• [Your task] Below are some records. Return exactly their lines from the one containing "Comparison between defoamers" through the one containing "Cluttered areas outside", and drop the pictures.

[Material shown Boundary: Start]

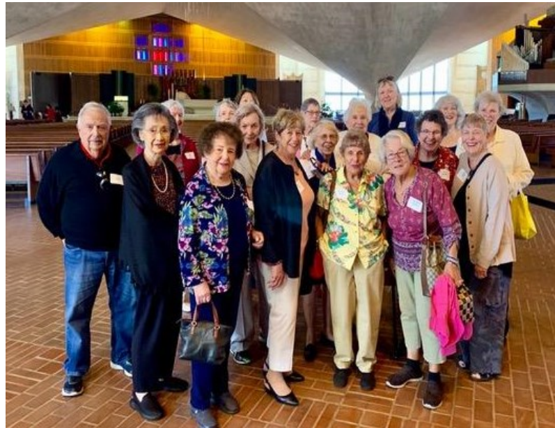
A visit to Grace Cathedral
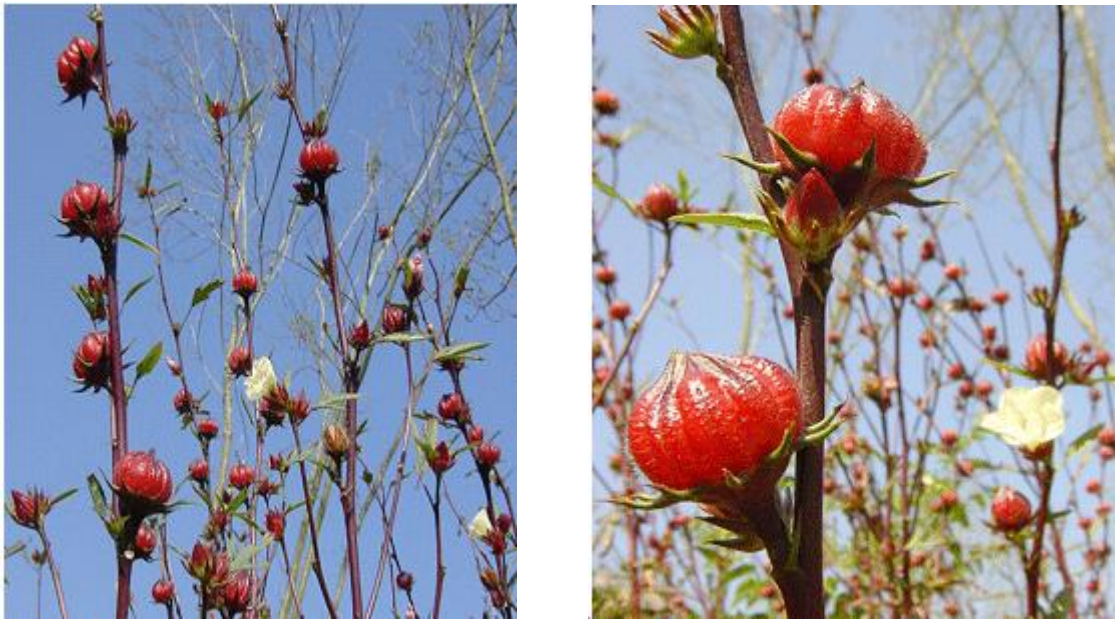
Figure 1: Hibiscus plants ( Hibiscus sabdariffa ) 10

Hibiscus sabdariffa var. sabdariffa , commonly known as hibiscus or roselle, grows in many tropical and sub-tropical countries and is one of highest volume specialty botanical products in international commerce. Roselle is an annual herbaceous shrub of the Malvaceae family. The leaves are used extensively for animal fodder and fiber, but the swollen calyces are the plant part of commercial interest. As the flowers fall off, the bright red calyces swell. These are harvested by hand, dried, and sold whole into the herbal tea and beverage industry. The flavor is a combination of sweet and tart, similar to cranberry. In addition to international markets, there are extensive local and regional markets as well where it is processed into hot and cold herbal beverages, jellies, confectionaries and other products.
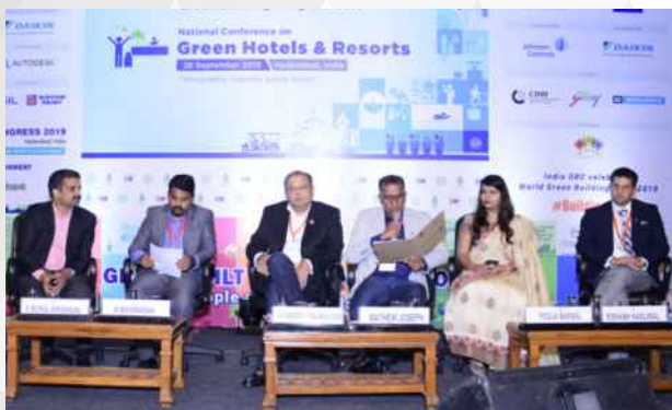
Session 4 - Best Practices & Case Studies – IAQ, Waste and Water Management
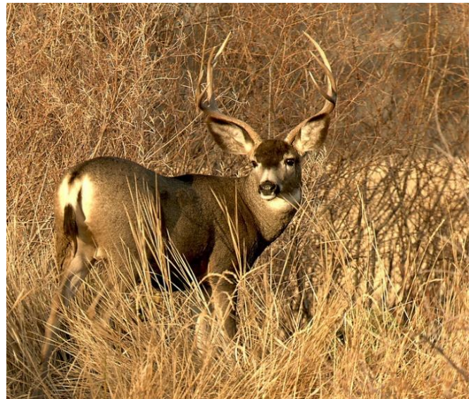
Mule Deer Buck.

For more information about this project, visit ecoatlas.org . For more information about the Conservancy's Proposition 1 Ecosystem Restoration and Water Quality grant program, visit http://deltaconservancy.ca.gov/prop-1/ .
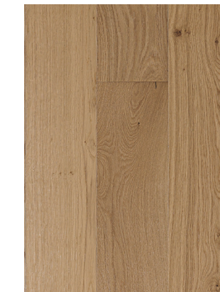
Radiance Oak | French
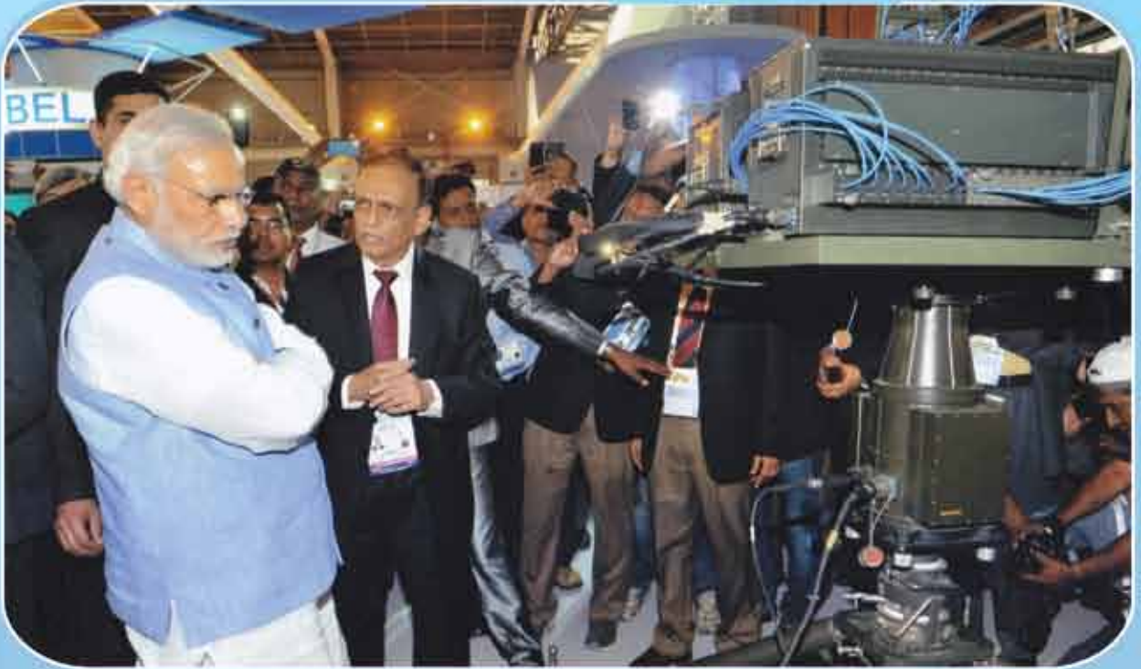
The Hon'ble Prime Minister, Shri Narendra Modi, being briefed by Mr S K Sharma, CMD, at the BEL stall during Aero India 2015.
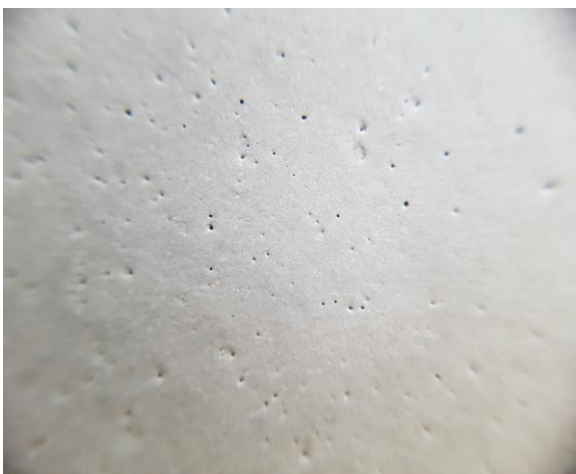
Competitive defoamer (high performances)

Comparison between defoamers on a standard self-levelling mortar at the same dosage
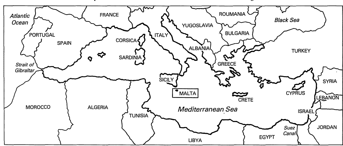
Map 1: Location of the Maltese Islands in the Mediterranean Region
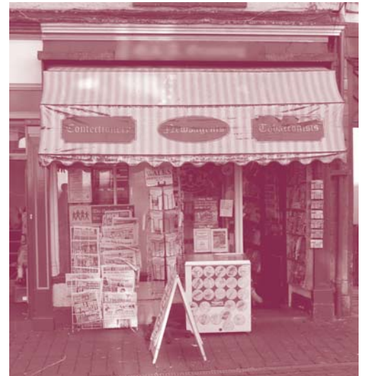
Cluttered areas outside shopfronts can act as a real obstacle to those with disabilities
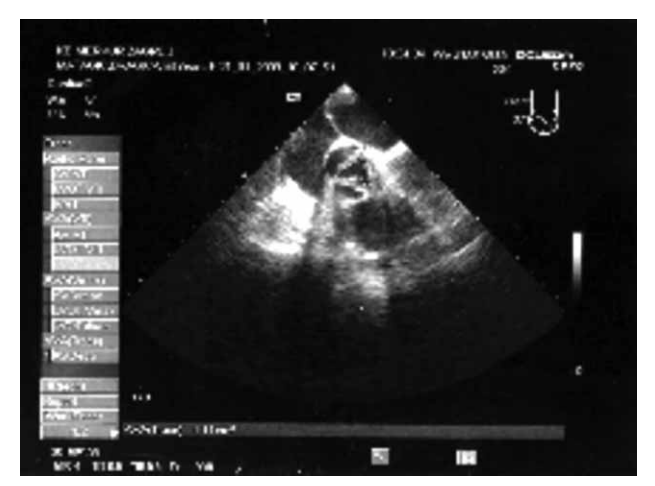
Fig. 1. Echocardiography of aortal value.

We report a female patient, with unremarkable family history and no previous medical history until the age of 30, when she presented with exertional dyspnea and syncope. Physical examination at that time revealed only abnormal heart sounds – murmurs compatible with aortic valve insufficiency. During next years of cardiological follow up, echocardiography revealed fibrotic changes of the
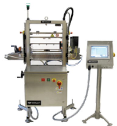
▲ TapTone PRO Series Pouch Inspector

Utilizing advanced DSP technology the TapTone PRO Series controller analyzes each of the individual sensors as well as their comparative measurement and assigns three resulting merit values to each pouch. If any merit value is outside of the acceptable range, a reject signal activates a remote reject system.
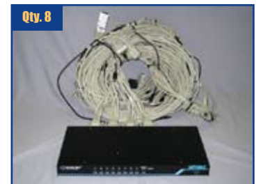
Black Box KV108A-R2
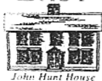
John Hunt House
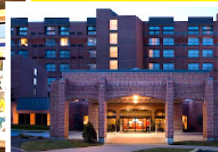
Fully renovated in 2020

Questions? Phone Mary Elemen at 925-759-6555 or email TCIConvention2022@gmail.com Visit the Convention 2022 page on the TCI website: https://www.tall.org/convention-2022.html
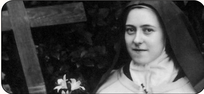
Lisieux: Venerate Saint Thérèse of Lisieux's relics in the Carmel that she fought to enter to fulfil her vocation.
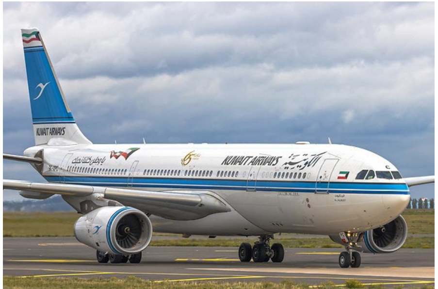
Kuwait Airways Airbus A330-200
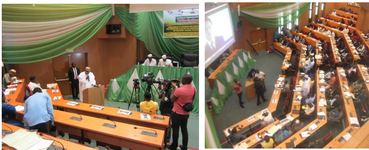
Figure 1. 5: Stakeholders at the updated NIP Endorsement Workshop

Figure 1.5 shows the pictures of stakeholders at the updated NIP Endorsement Workshop.
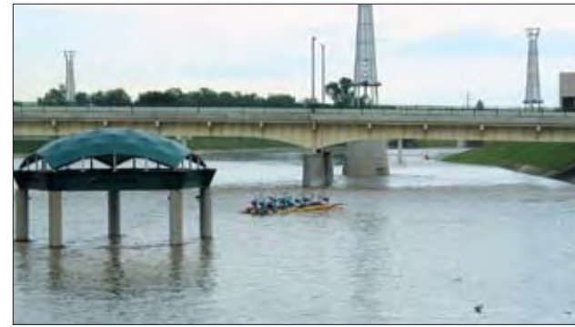
Paddlers should not boat on swollen rivers and streams like this high water on the Great Miami River in downtown Dayton.

Recreation on rivers and streams can be relaxing or thrilling, but most of all it should be safe. Water offers several real dangers, but with proper training, these hazards are easily managed. Boating safety classes that can teach you to handle water hazards are available around the state of Ohio. Contact the Ohio Department of Natural Resources at 1-877-4BOATER or www.ohiodnr.com for more information.
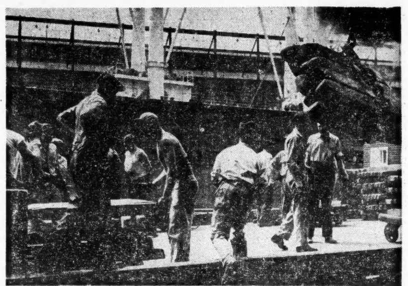
THE ELECTION WAS LIKE A "SUNDAY SCHOOL PICNIC And all was quiet along the docks of New York harb

Curran also challenged the New York-New Jersey Waterfront Commission which was set up by the two states at the time of the ILA's expulsion to "clean up" the waterfront. He said "its only 'accomplishment' has been to move the vicious shape-up from the streets and
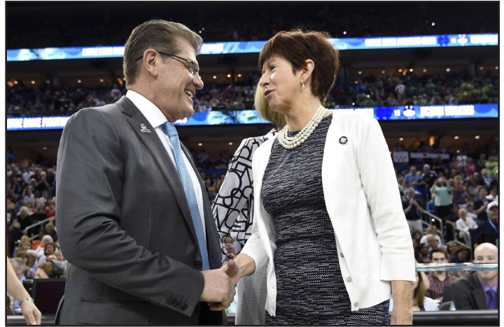
Geno Auriemma, UConn, and Muffet McGraw, Notre Dame, before the 2015 title game.
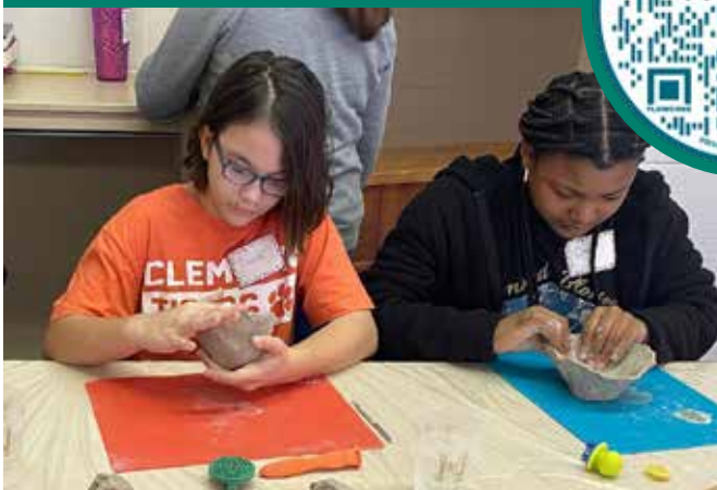
Watch our 2024 Recap Video
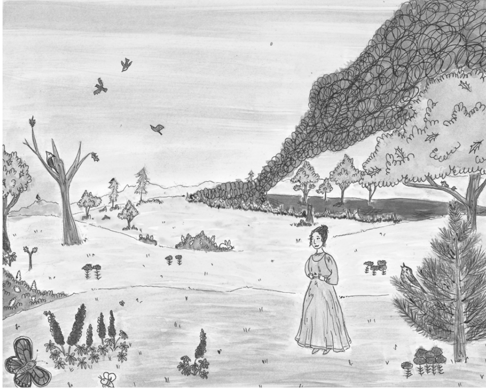
Figure 2. Mural of Rice Lake Plains Tallgrass Communities Pre-1870 by Cheyenne Blacker.
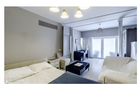
Lovely 2 Bedroom Apartment with Stunning Marina Views - Lagos Marina

Set in a prime location in the heart of Lagos Marina, this beautifully designed top-floor apartment offers sweeping panoramic views over the marina, bay, and town. With a privileged east-facing orientation, the apartment is bathed in morning sunlight and features a large private terrace—perfect for relaxed al fresco living and enjoying the vibrant marina atmosphere. Inside, the open-plan living and dining area is spacious and bright, with direct access to the terrace—ideal for watching the sunset over the boats and surrounding landscape. There are two generous bedrooms, both west-facing to catch the afternoon sun. The master bedroom features an en-suite bathroom, while a spacious family bathroom and fully equipped kitchen complete the layout—designed for both comfort and practicality. The apartment also benefits from air conditioning throughout. Whether you're looking for a full-time residence, a holiday escape, or a smart investment, this is a rare opportunity in an unbeatable marina location.
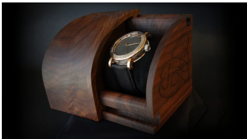
The presentation box for Våring is adorned with a viking knot pattern also seen in the lugs of the watch

GoS watches are presented in walnut wood boxes, handcrafted by the local sculptor and artisan Kanevad.
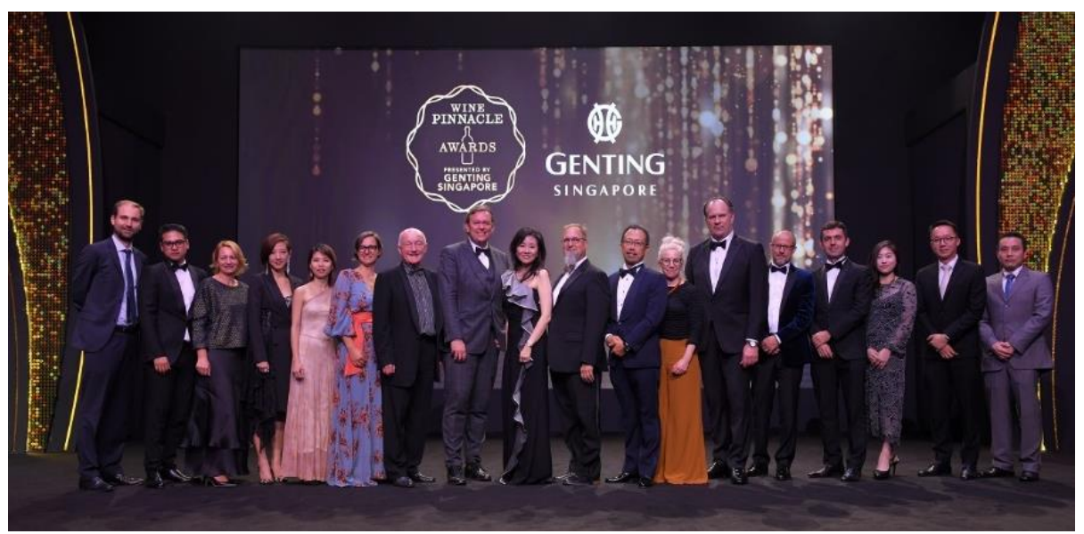
Award winners and committee members of the inaugural Wine Pinnacle Awards 2019

Results for the world's first-ever nomination-based wine award features a diverse and inclusive list cutting across geography and vintage, while highlighting sustainable practices
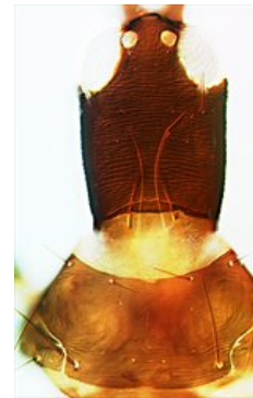
setinodis Head & pronotum
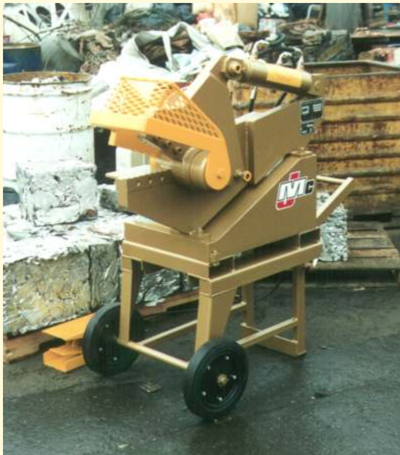
200B with wheeled stand option

A small machine with a big cutting capacity
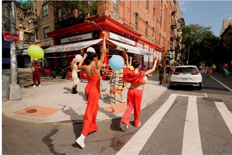
Imitation of Christ, spring 2022 ready-to-wear
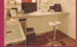
Free Wifi & Internet
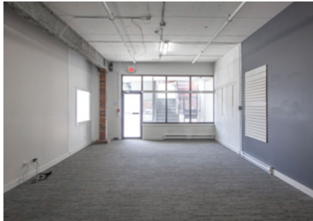
Parking & Loading at Rear
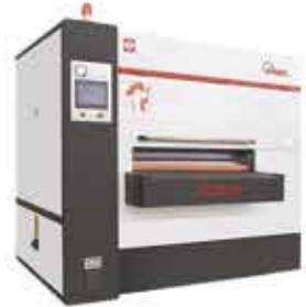
METAL DEBURRING & FINISHING
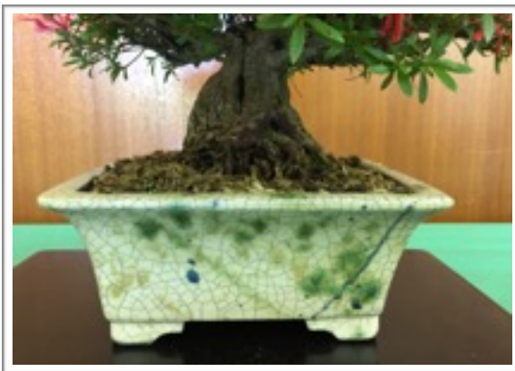
One of the great pots at the Show
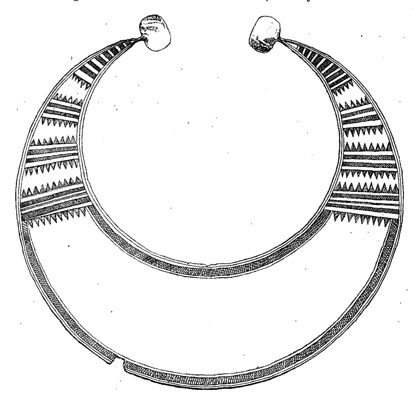
Fig. 2. Gold Lunette from the Lanfine Collection.

Gold Lunette, 9\frac{3}{16} inches in height by 9\frac{1}{2} inches in width, weighing 1055 grains. It is of the usual form, with oval expansions at the ends and is ornamented on both sides with bands of linear ornament, as shown in fig. 2. From the Lanfine Collection, locality unknown.
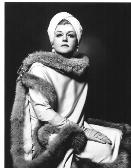
Angela Lansbury, 1966
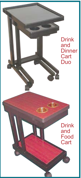
Drink and Dinner Cart Duo
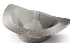
113BA100 Mid Stream Samper
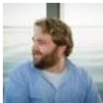
Jason Gray @jasonmgray

We pay! Good money. $18/100 words for Chronicle and Career Advice articles. $100 for a blog post. #AWPsubs
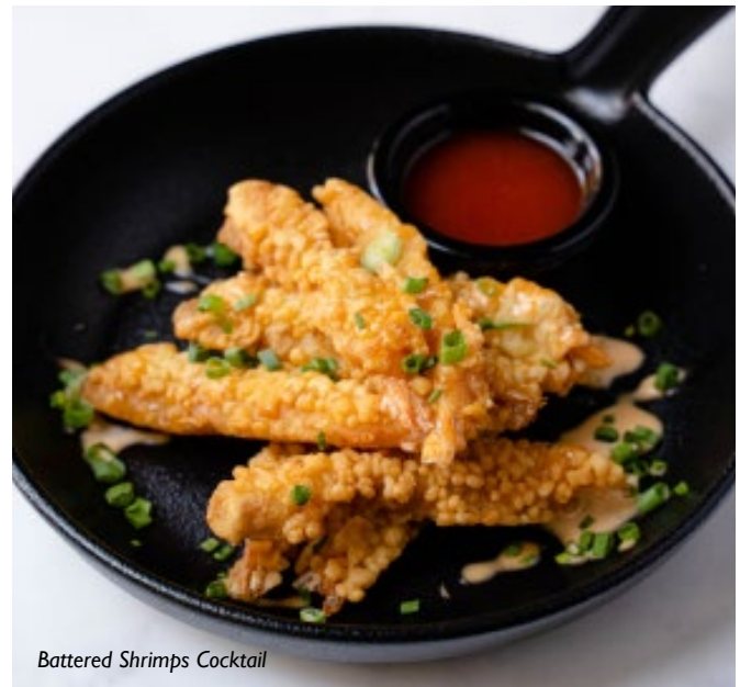
Battered Shrimps Cocktail

Hickory's Mix Party Platter S N D G 140 4 Each of buffalo chicken wings, spring rolls, breaded shrimps, mozzarella, sticks, fried calamari, cheese nachos, served with lemon garlic mayo & sweet chili sauce CL 1231

[Material shown Boundary: End]

• [Result of the task]
Comparison between defoamers on a standard self-levelling mortar at the same dosage
Map 1: Location of the Maltese Islands in the Mediterranean Region
Cluttered areas outside shopfronts can act as a real obstacle to those with disabilities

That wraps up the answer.